— EXERCISE —
All of the records below need to be written out exactly, but without the pictures.
--- RECORDS FOR THIS EXERCISE ---
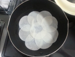 [1]フライパンに餃子の皮を並べ(写真参照)、ケチャップをぬる。
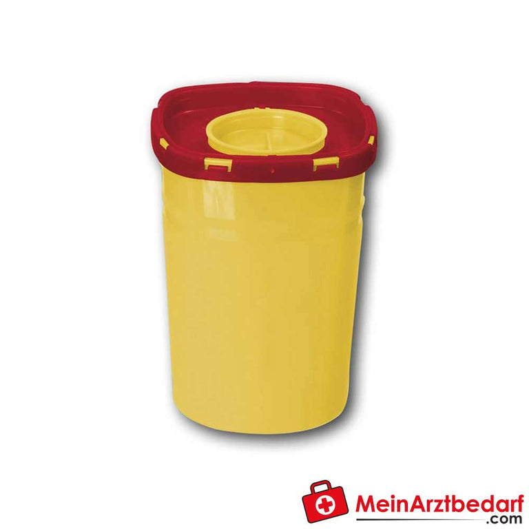 Zur Sammlung kontaminierter Kanülen und Spritzen; die ergonomische Abzieh- und Abdrehhilfe reduziert direkten Kontakt beim Umgang mit Einmalartikeln. Behälter gemäß TRBA 250, UN und DIN EN ISO 23097 konzipiert. Entsorgung entsprechend der jeweiligen Betriebsvorschriften und lokalen Entsorgungsrichtlinien.
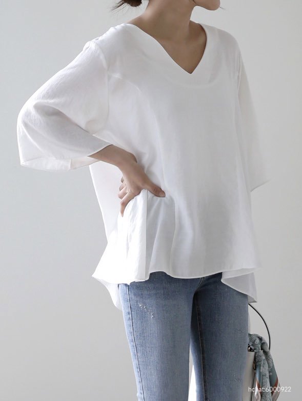 실크처럼 부드러운 레이온 폴리 "린넨"혼방원단으로~ 브이넥의 박시한 A라인 모두 사이즈 가능한 하늘하늘한~블라우스 ~^^
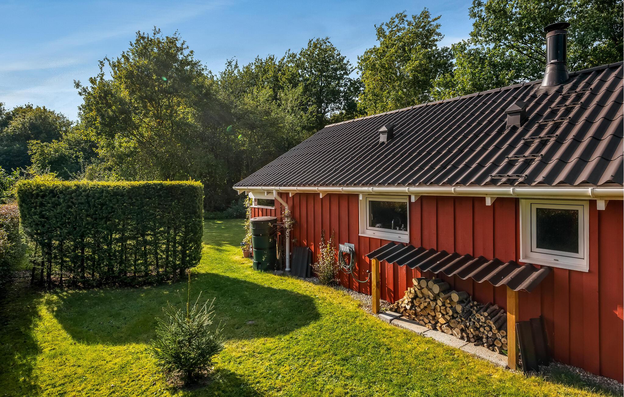 Velkommen i den grønne have, som hører til et klassisk, indbydende feriehus. Her kan I samles om dagens måltider og brætspil efter feriens udflugter og eventyr. Få varmen med lidt ild i brændeovnen, læg planer for morgendagen og læn jer tilbage i sofaen med en god bog eller en spændende film.
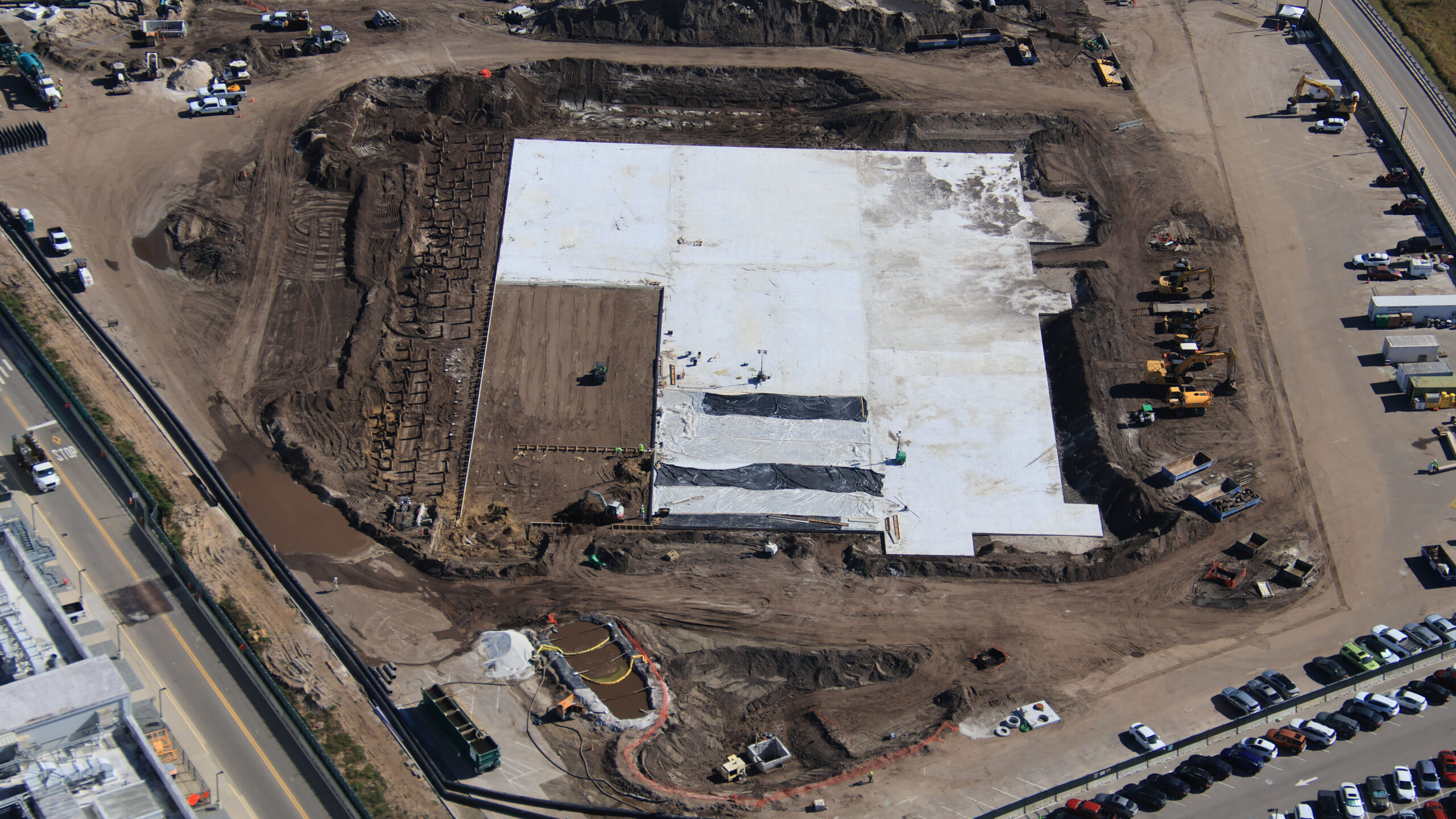 After the concrete floor was poured, it was covered with protective plastic. You can also see workers preparing concrete forms for the next section of the floor for the ride.
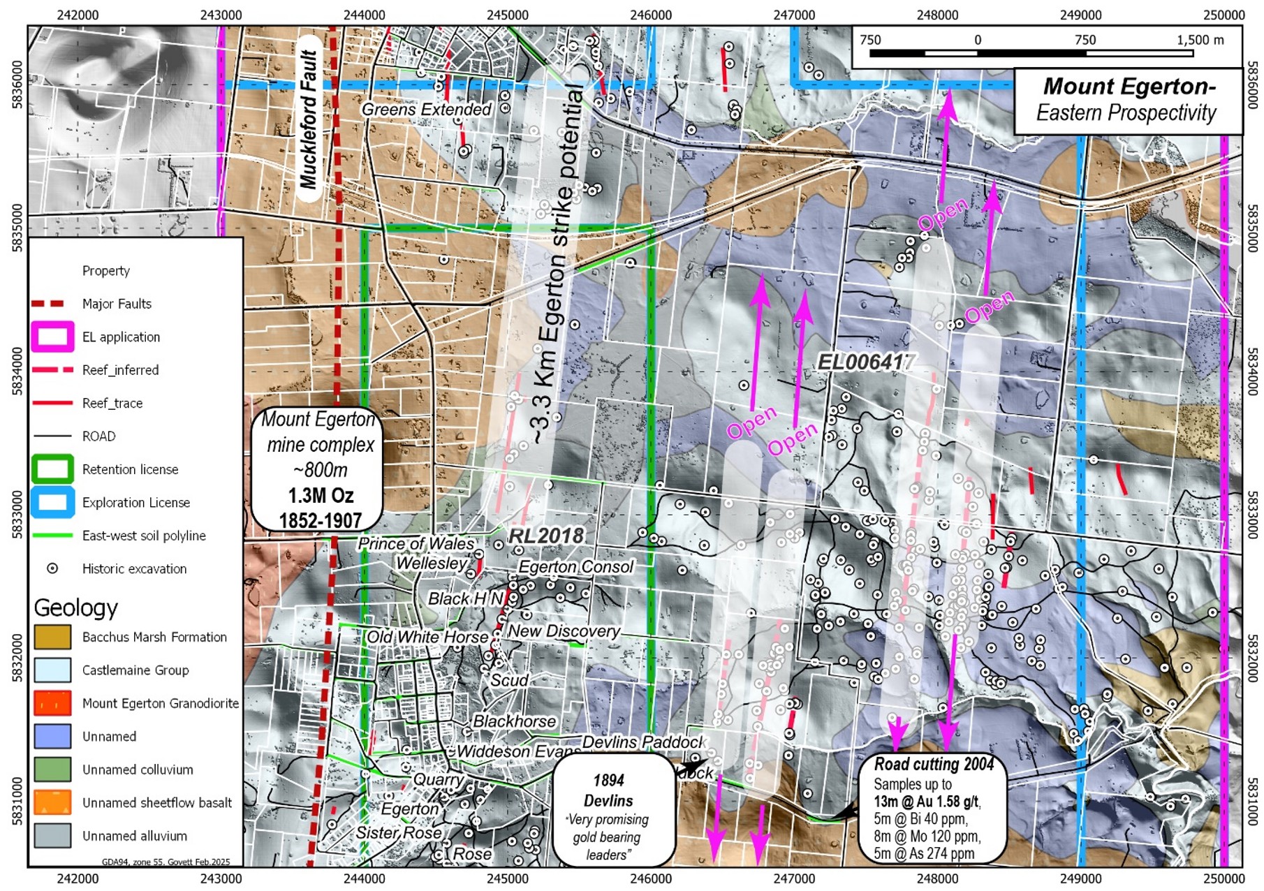 Mount Egerton eastern prospectivity. Surface geology and property boundaries draped over LiDAR. Shallow historic workings inferred from LiDAR and historic records of exploration annotations.
---
— TASK RESULT —
 [1]フライパンに餃子の皮を並べ(写真参照)、ケチャップをぬる。
 Zur Sammlung kontaminierter Kanülen und Spritzen; die ergonomische Abzieh- und Abdrehhilfe reduziert direkten Kontakt beim Umgang mit Einmalartikeln. Behälter gemäß TRBA 250, UN und DIN EN ISO 23097 konzipiert. Entsorgung entsprechend der jeweiligen Betriebsvorschriften und lokalen Entsorgungsrichtlinien.
 실크처럼 부드러운 레이온 폴리 "린넨"혼방원단으로~ 브이넥의 박시한 A라인 모두 사이즈 가능한 하늘하늘한~블라우스 ~^^
 Velkommen i den grønne have, som hører til et klassisk, indbydende feriehus. Her kan I samles om dagens måltider og brætspil efter feriens udflugter og eventyr. Få varmen med lidt ild i brændeovnen, læg planer for morgendagen og læn jer tilbage i sofaen med en god bog eller en spændende film.
 After the concrete floor was poured, it was covered with protective plastic. You can also see workers preparing concrete forms for the next section of the floor for the ride.
 Mount Egerton eastern prospectivity. Surface geology and property boundaries draped over LiDAR. Shallow historic workings inferred from LiDAR and historic records of exploration annotations.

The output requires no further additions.